27d ago · Global · primary source: export.arxiv.org

Researchers have introduced a method to curb overconfidence in large language models without undercutting their ability to express confidence when correct, according to a paper posted to arXiv on June 2 [1]. The technique, called Probe-Conditioned Head Intervention (PCHI), operates at inference time. It uses a frozen probe to detect responses where the model is likely wrong but confident, then conditionally rescales the outputs of downstream attention heads during confidence generation [1]. Standard calibration methods often act globally, which can reduce unwarranted confidence but also erode warranted confidence on correct answers [1]. PCHI is designed to avoid that trade-off by intervening only when the probe flags a high risk of a wrong-yes response [1]. On the Qwen3-4B-Instruct model solving OpenMathInstruct problems with a structured binary confidence field, readout-token PCHI converted 82.2% of originally wrong-yes confidence readouts to “no” [1]. A joint intervention across upstream confidence-template tokens reduced the Expected Calibration Error (ECE) from 21.9% to 9.2% while damaging only 5.1% of originally correct-yes readouts [1]. The readout-token effect also appeared on Gemma3-4B, though the upstream interventions were weaker and more dependent on the specific mask used [1]. The work addresses a known limitation of large language models: they frequently express high confidence in incorrect answers [1]. By selectively suppressing verbalized overconfidence through conditionally applied internal intervention, the method partially decouples the suppression of unwarranted confidence from the loss of warranted confidence [1]. The paper does not include quotes from the authors.
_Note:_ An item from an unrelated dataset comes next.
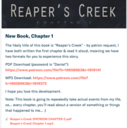 | 11:51, 17 August 2018 | Reaper Chapter1.png (file) | 159 KB | Admin | Reaper's Creek's first chapter announcement on Patreon. January 28, 2018 | 1 | |

PCHI’s conditional approach differs from prior calibration techniques that apply uniform adjustments across all model outputs. The probe acts as a gate, leaving correct-yes responses largely intact while redirecting wrong-yes responses toward a “no” confidence readout [1]. The authors report that the intervention is applied only during confidence generation, leaving the underlying answer-generation process unchanged [1].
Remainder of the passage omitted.